Friday, February 1, 2013

New Post has been published on...





New Post has been published on http://hottytoddy.com/women-work-lucero-at-the-lyric/



Women & Work: Lucero at the Lyric



lucero Memphis tradition tattooed all over band’s latest album


By Tad Wilkes, Nightlife & Lifestyles Editor


tad.wilkes@hottytoddy.com


Lucero calls its most recent album Women & Work a “love letter” to its hometown, Memphis.


“Having a band in Memphis puts you in a tradition,” says Lucero frontman Ben Nichols. “We started at punk rock shows, not necessarily playing punk rock, but coming from the outside, from a bohemian place.”


Women & Work is Lucero’s eighth album and presents a band 14 years in the making.


“We’re more comfortable in our own skin as a band, more comfortable acknowledging regional influences,” says bassist John Stubblefield. “We wound up making a Memphis country soul record.”

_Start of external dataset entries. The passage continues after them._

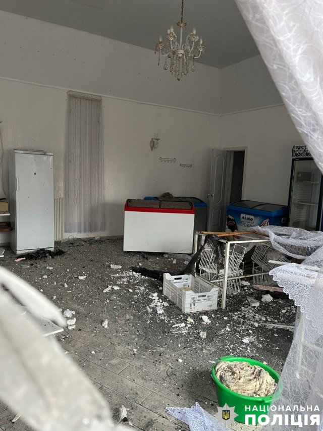 Поліція зафіксувала пошкодження 28 об’єктів: багатоквартирного та 21 приватного будинків, чотирьох автомобілів, кафе та кіоску.У Дніпровському районі Херсона внаслідок удару дроном постраждало подружжя. У 75-річної жінки та 76-річного чоловіка діагностували вибухові травми, контузії й уламкові поранення.
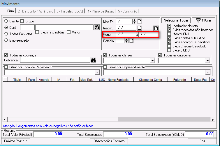 Venc.: campo utilizado para informar um período de vencimento dos lançamentos faturados.
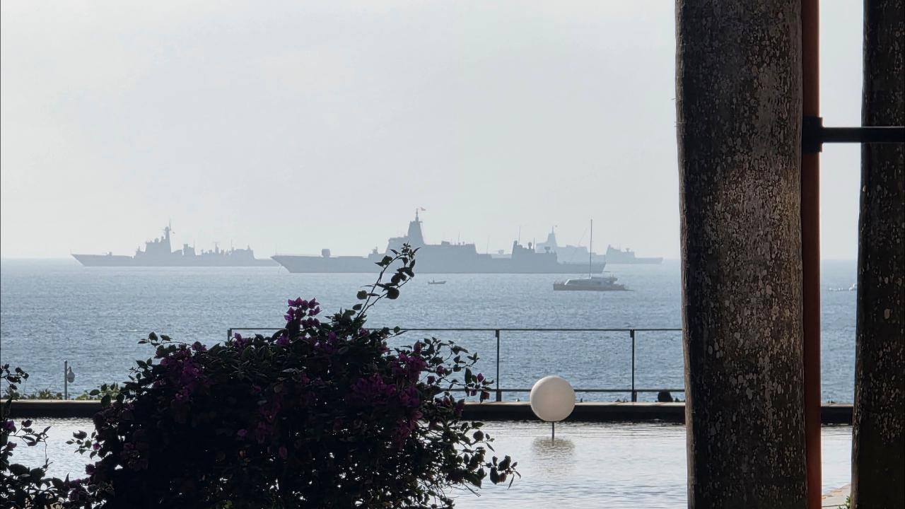 坐在窗边,静静的看着东海海边的艨艟巨舰,远远的只能看见它们的剪影,数出来有三艘大船,你能分辨都是什么型号的军舰吗?什么样的海军才能匹敌这支小小的舰队呢?大不列颠海军可以吗?
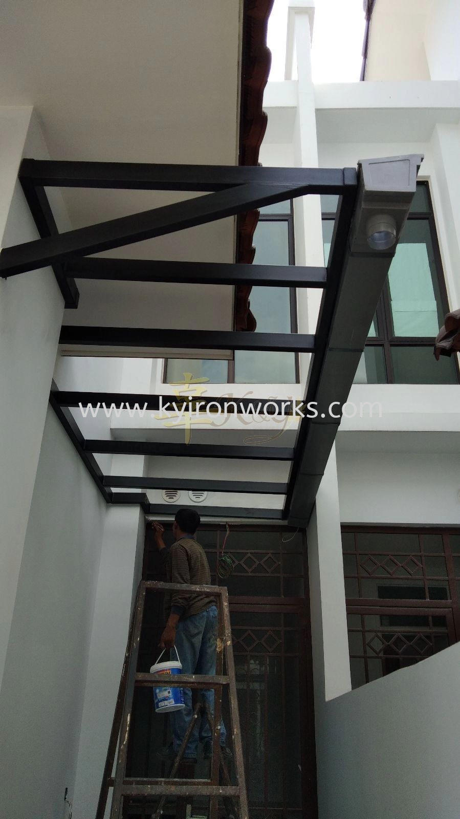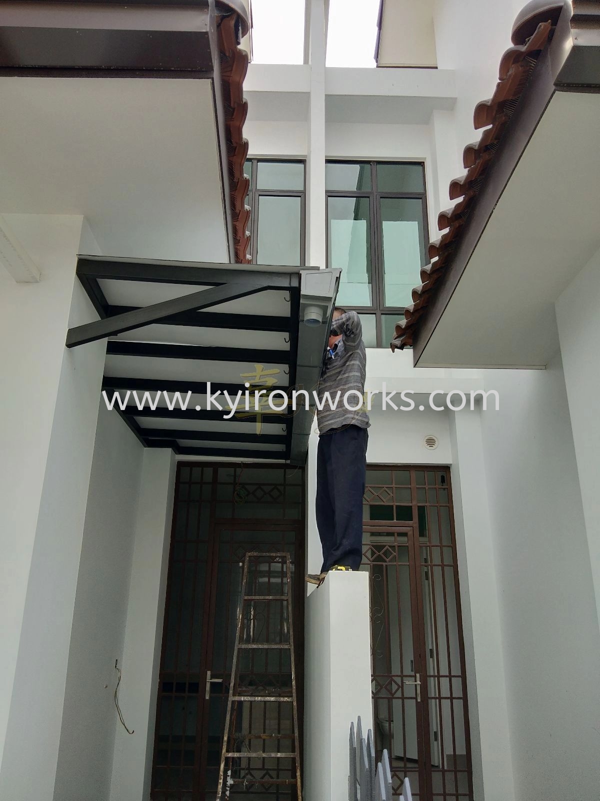 Installation Mild Steel Aluminium Composite Panel (ACP) Pergola Roof Awning at Eco Majestic in Semenyih
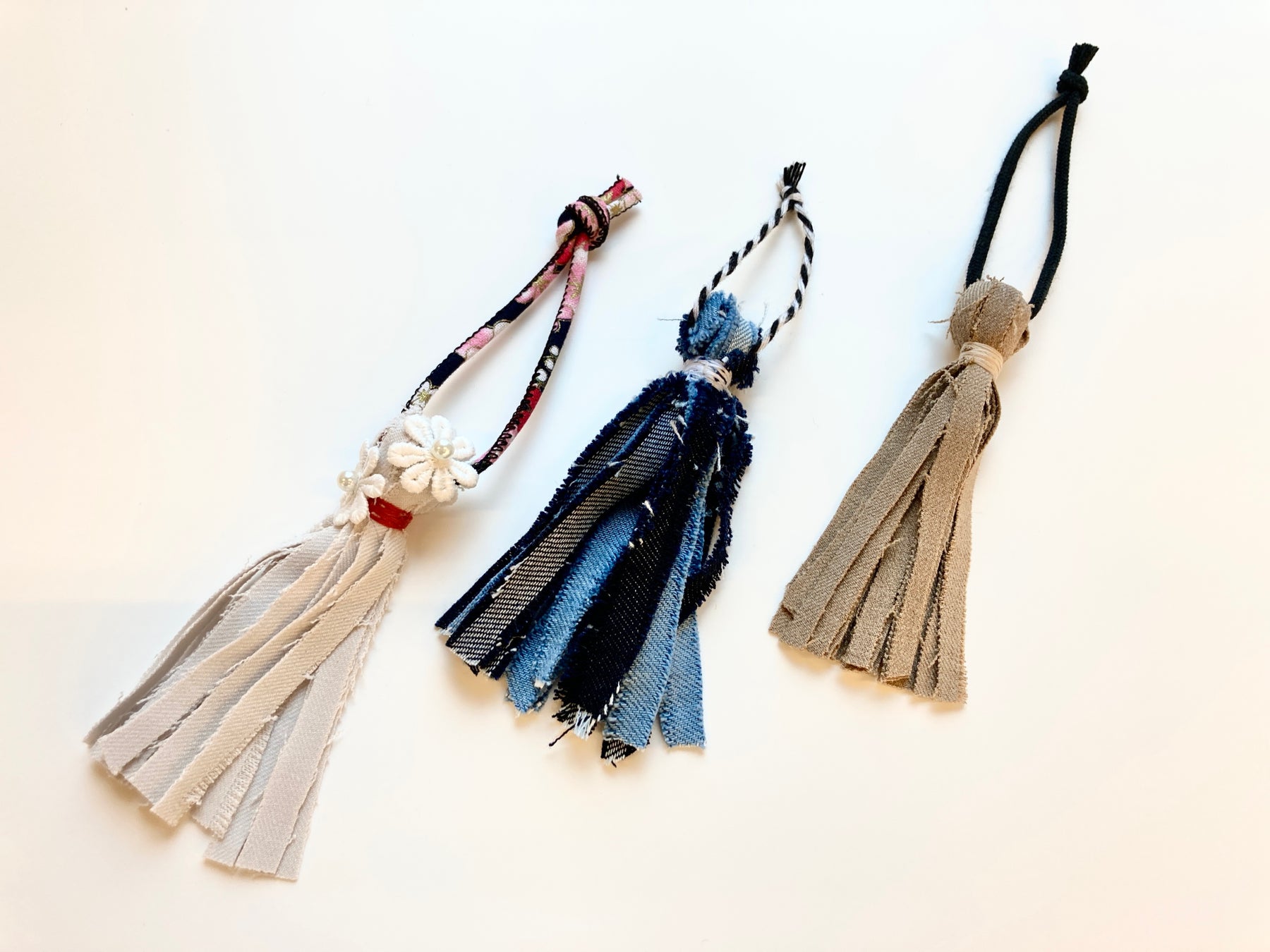 ジーユー商品の裾上げで生まれるハギレを再利用した、オリジナルのタッセルチャーム作りです。

Integrating horns, pedal steel guitar, all manner of keyboards, and even a full-on gospel chorus, Women & Work draws inspiration from Delaney & Bonnie’s obscure first album, Home, on the Stax label. The band describes it as being “like Arcade Fire baptized in Joe Cocker and Leon Russell’s Mad Dogs, then warmed with Don Nix’s Alabama State Troopers.”


What does that sound like? Here’s a sample:


http://youtu.be/StAXZgODPKc


If you’ve never heard Lucero, I will point you to “My Best Girl” from their self-titled 2000 album as probably the best starter kit. I realize that Lucero diehards reading this may view “My Best Girl” like Widespread Panic fans view “Coconuts” or Deadheads view “Truckin’”—a song for dilettantes. But it’s what hooked me on Lucero, so I offer it here to get you addicted as well. First time’s free.